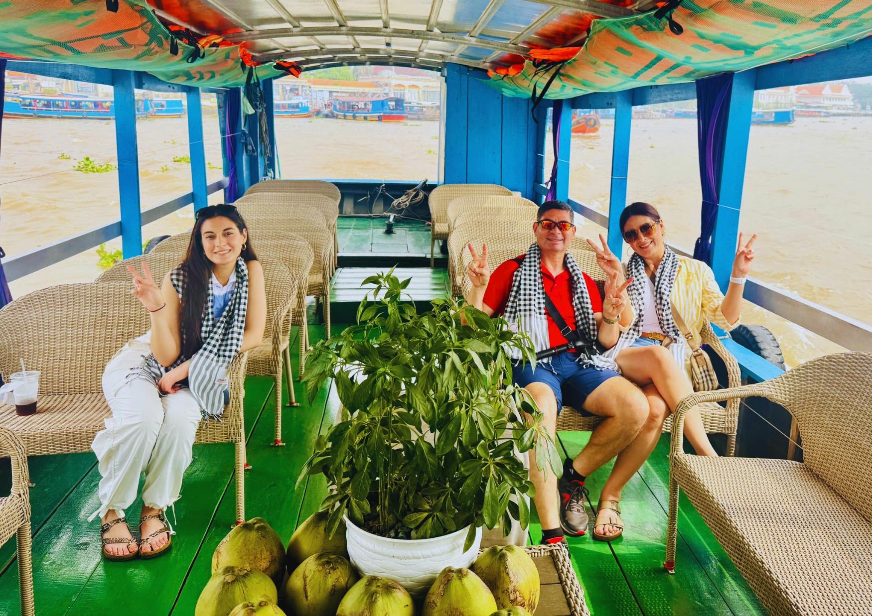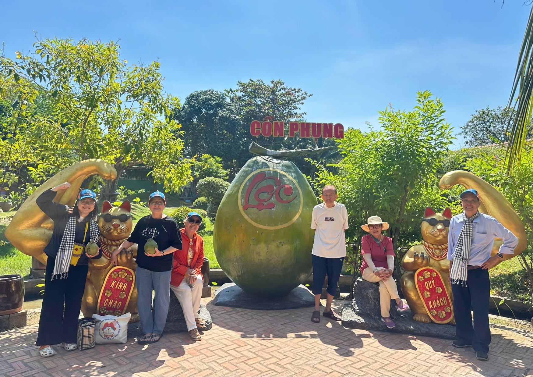 Morning: Reach the port to take a leisurely cruise on the Tien River to see 4 islets which are represented as four mythical creatures in Southeast Asia: Dragon, Kirin, Tortoise, and Phoenix, for our main activities:
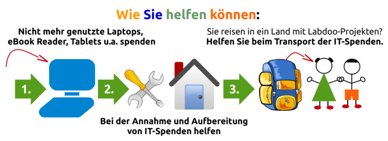 Ehrenamtliche Labdoo-HelferInnen geben nicht mehr genutzten Laptops und Tablets, die zuhause oder in Unternehmen ungenutzt herumliegen, ein 2. Leben. Das gemeinnützige Hilfsprojekt Labdoo.org ist in Deutschland und weiteren 134 Ländern der Welt aktiv. Labdoo.org unterstützt über 565.000 Schüler und Schülerinnen und Flüchtlinge in über 1.800 Schulen, Waisenhäuser, Kinder-/Jugend- und Flüchtlingsprojekte im In- und Ausland kostenlos mit IT-Spenden (Stand: Sommer 2020). Unsere Ziele sind: Fluchtursachen im Ausland bekämpfen, in Deutschland Integration und digitale Teilhabe unterstützen, speziell Home Schooling in Corona-Zeiten, Zugang zu IT, Bildung, Sprachkursen und Teilhabe an der digitalen Gesellschaft ermöglichen. Bereits seit Jahren vermittelt Labdoo IT-Spenden für Integration und Deutschkurse an Flüchtlings- und Integrationsinitiativen und Schulen. Aktuell auch für benachteiligte Schüler und Schülerinnen für Home Schooling, damit diese am digitalen Unterricht in Corona-Zeiten teilhaben können. Jede IT-Spenden wird mit über 300 freien Lern-, Web- und Office-Programmen und OER (freien Lerninhalten) wie Sprachkursen, Wikis u.a. bespielt, für blinde oder hörgeschädigte User mit spezieller Software wie Screenreadern. Alles auf Basis von Open Source und OER. Flugpaten bringen IT-Spenden CO2-neutral zu Schulen und Projekten im Ausland und holen sie zum Recycling zurück. Jeder kann beitragen, als IT-Spender, als Flugpate oder indem er einfach nur von Labdoo.org erzählt oder sich bei Labdoo engagiert.
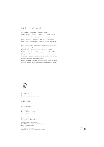 初めての写真集で自身が撮った『女』を世に出す事で、写真を撮るものとしての決意をここに示す。
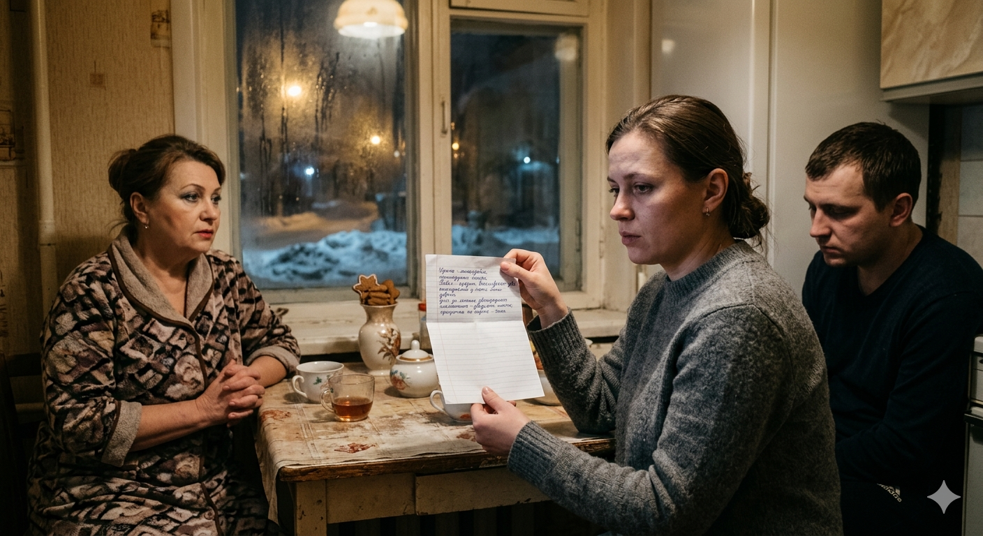Сергей сидел рядом, слишком ровный, слишком молчаливый. Именно это и ударило сильнее всего. Не слова Тамары Павловны. Не сам список. А лицо мужа, на котором не было ни удивления, ни возмущения.
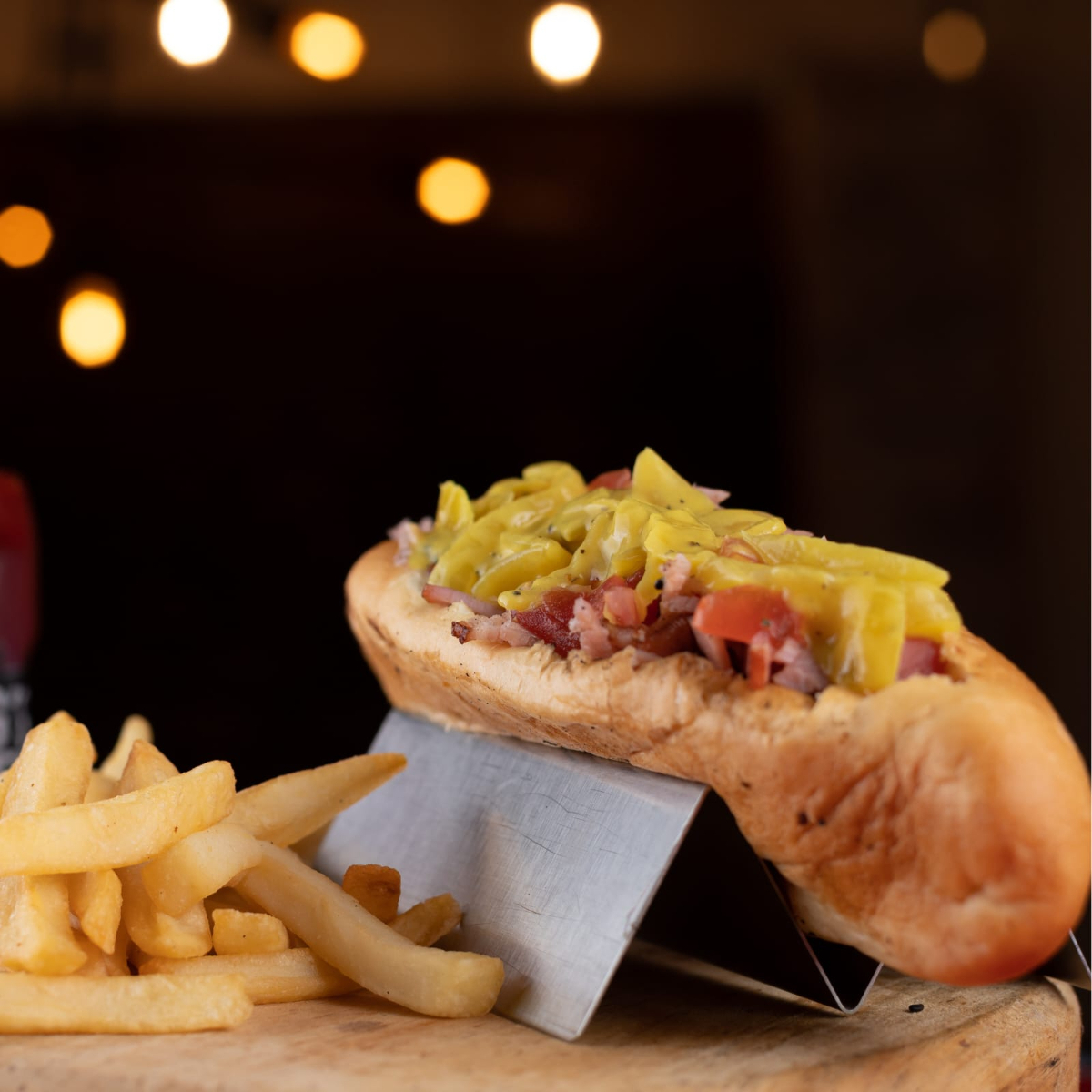SALCHICHA JUMBO , 40 G DE TOCINO AHUMADO , CEBOLLA ASADA , TOMATE , MAYONESA , PAN ARTESANAL

### Your instructions
Restate word for word the lines from the one with "初めての写真集で自身が撮った" to the end of the material, both included. Do not include the pictures.

### Solution
 初めての写真集で自身が撮った『女』を世に出す事で、写真を撮るものとしての決意をここに示す。
Сергей сидел рядом, слишком ровный, слишком молчаливый. Именно это и ударило сильнее всего. Не слова Тамары Павловны. Не сам список. А лицо мужа, на котором не было ни удивления, ни возмущения.
SALCHICHA JUMBO , 40 G DE TOCINO AHUMADO , CEBOLLA ASADA , TOMATE , MAYONESA , PAN ARTESANAL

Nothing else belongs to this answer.